A common problem when automatically constructing datasets of known
binding sites for small ligands is that it is not straightforward to
distinguish biologically relevant ligands from small molecules which appear
in the structure because they are present at high concentrations in the
solutions used to obtain the 3D structure.
The issue is complicated by the fact that these small molecules from
experimental solvents often bind in biologically important sites, mimicking
biologically important ligands. Because of this, simply ignoring any
molecular species which could be an experimental solvent molecule results in
missing huge quantities of potentially important data.
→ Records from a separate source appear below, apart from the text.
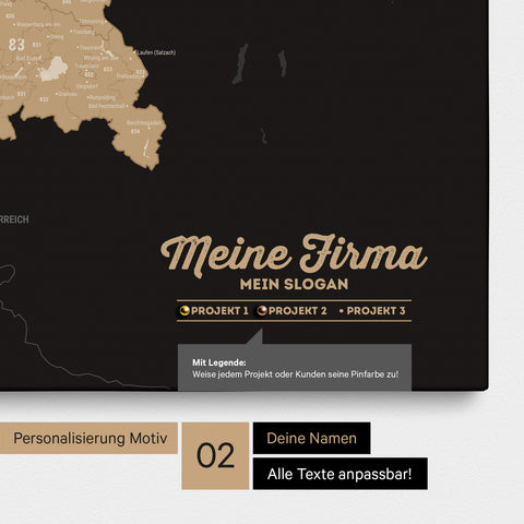 Germany Map ZIP® (ZIP-Codes 1-2-3-digit) Push Pin Canvas – Sonar Black
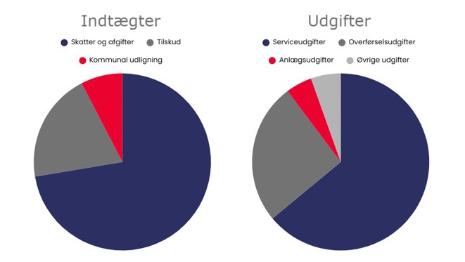 Grundlæggende har kommunen to typer af indtægter: skatter og afgifter samt tilskud og udligning.
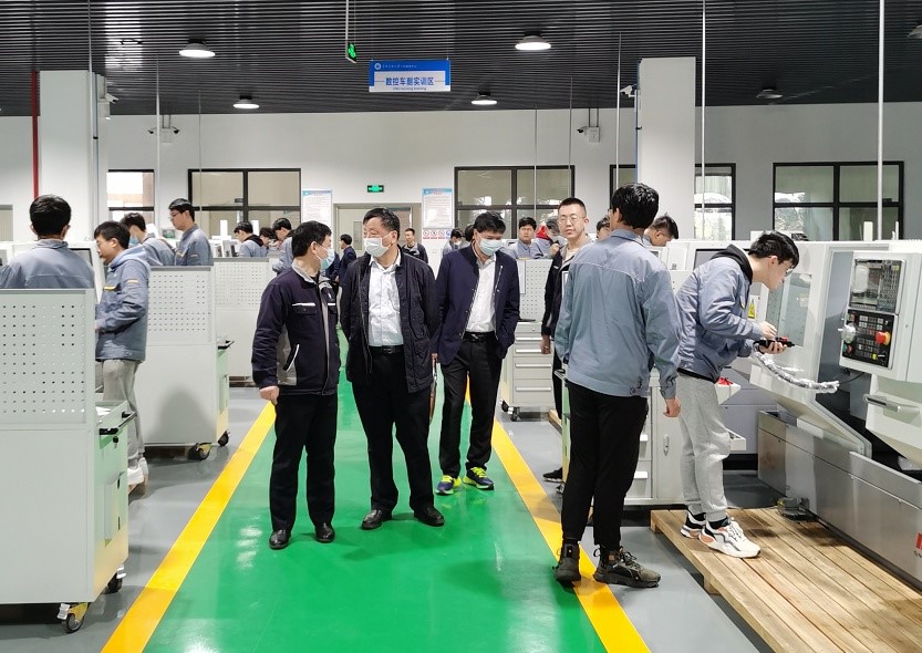 2022年3月9日上午,阳光明媚,春暖花开,杜冬云副校长一行莅临工程训练中心,亲切看望正在指导实训的老师和实训学生,听取了潘泽江主任、贺军副主任关于新学期中心运行情况与下一步建设发展规划的专题汇报。杜冬云副校长对中心老师们能够克服疫情困难,有序开展今年的实训工作给予了充分肯定;同时也指出工程训练中心要特别注意实训安全,完善实验室建设,加强工训实践课程体系建设和师资队伍建设,按照“高起点开局·高标准建设·高效率运行·高效益发展”的建设思路,推进工训中心的“二次创业”,不断提高教育教学与管理水平,充分发挥beat365官网实践教学基地双创育人的作用;不断提高服务区域经济社会高质量发展的能力,更好地发挥经济社会效益。

Here, we have developed a fully automated approach to filter out
biologically irrelevant ligands. Our approach is based on the assumption
that biologically important ligands should in general bind more specifically
to proteins, and therefore make more inter-atomic contacts with the
latter.
Clustering of nearby small molecules
In PDB files, the coordinates of small molecules are stored in the HETATM
records. These small molecules are commonly referred to as HETATM or HET
groups/molecules.
It is frequent that different HET groups cluster together in a binding
site, either because they are all important for the biological function of
the protein (e.g. magnesium ions and nucleotides in the
nucleotide-binding sites of many P-loop containing nucleotide hydrolases,
like in [PDB:1jed]), or because several small molecules located near others
can mimic biologically important ligand (e.g. sulfate ions which
mimic phosphates of nucleotides, like in [PDB:1odi]).
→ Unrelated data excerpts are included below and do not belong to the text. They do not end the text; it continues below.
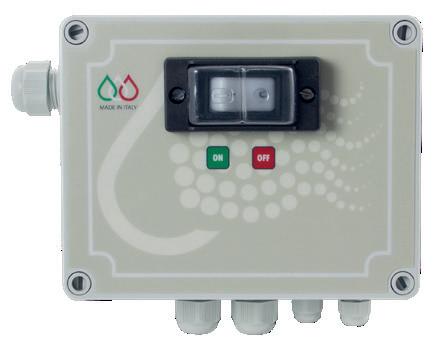 Quadro elettrico monofase 230V-50Hz per motopompe misting con potenza massima di 1200W Dimensioni: 240x190x90mm (staffa supporto esclusa) Completo di cablaggi elettrici per:
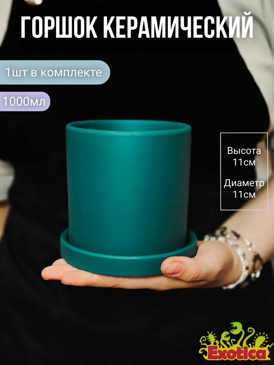 Горшок керамический темно - бирюзовый D11, V1л (с поддоном) информация:
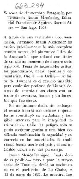 "El reino de araucanía y Patagonia" [artículo] Marino Muñoz Lagos.
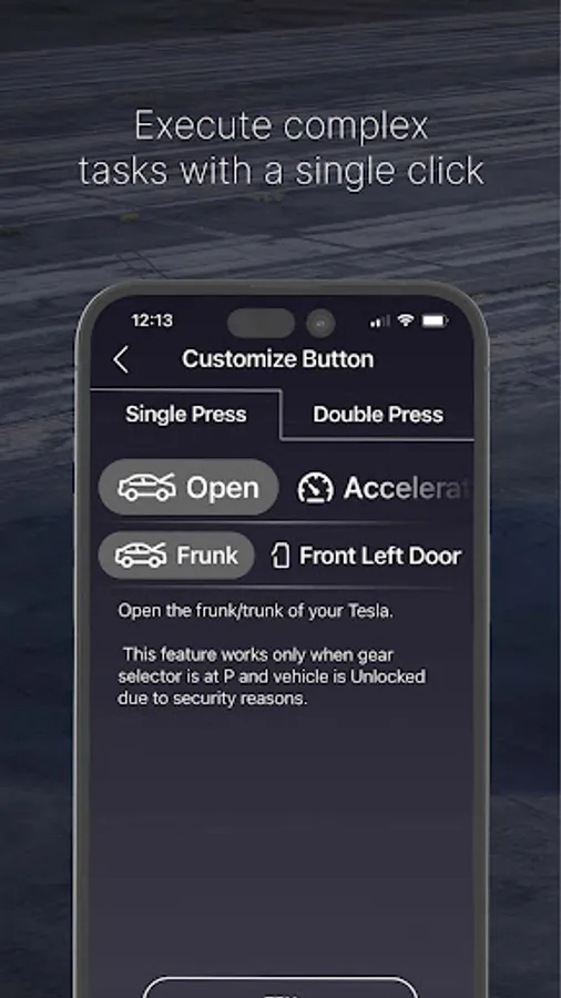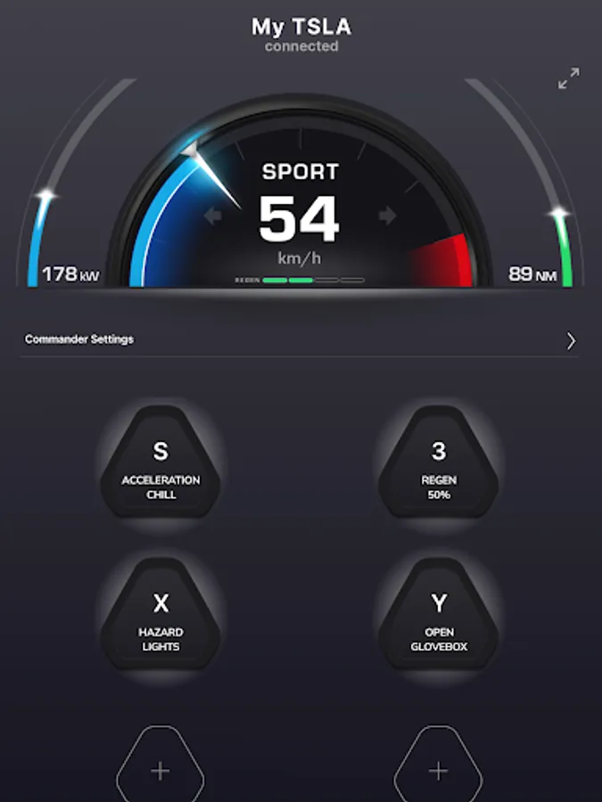 With this app, you can configure your S3XY Buttons for the functions you use daily in your Tesla, combined with an intelligent Dashboard showing you vital information about your EV.
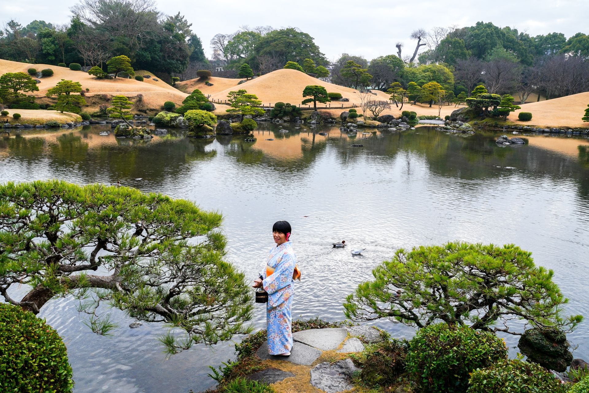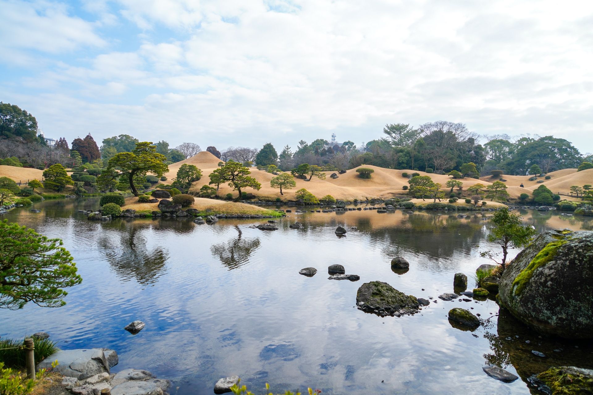 水前寺公园:是17世纪30年代由熊本藩主细川忠利历经3代建造的庭园,已被指定为国家名胜史迹。
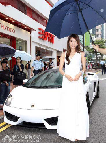近日,林志玲以剪彩嘉宾身份出席Longines香港铜锣湾第三间专门店开幕礼,大会安排志玲乘坐林宝坚尼跑车出场。可惜天公不造美,志玲到场时更下起雨来,由于店外挤满人群,结果要警方到场维持跌序。

To account for this phenomenon, HET groups with heavy atoms (i.e.
non-hydrogen atoms) located within 4.0 Å from one another are
clustered together, in all PDB structures used. We refer to such a group
of nearby HET molecules as a "ligand".
Filtering out small ligands
We filter out all ligands (as defined in the previous paragraph) with
less than 10 heavy atoms. Most biologically irrelevant solvent molecules
have less than 10 heavy atoms, and excluding these helps to ensure that the
final dataset exclusively contains biologically relevant ligands.
Singling out biologically important interactions
We assume that biologically relevant ligands
make more inter-atomic contacts with proteins, and that irrelevant ligands
can be filtered out by imposing a cutoff number of inter-atomic
protein-ligand contacts.
The number of protein-ligand inter-atomic contacts were calculated using
the LPC software (5).
In order to derive the
cutoff number of inter-atomic contacts to be used for that purpose, we
manually verified the relevance of the ligands in samples of binding sites
for different ranges of numbers of contacts. Due to the size of the
dataset, manually investigation had to be limited to random subsets of
binding sites within each range of contact numbers.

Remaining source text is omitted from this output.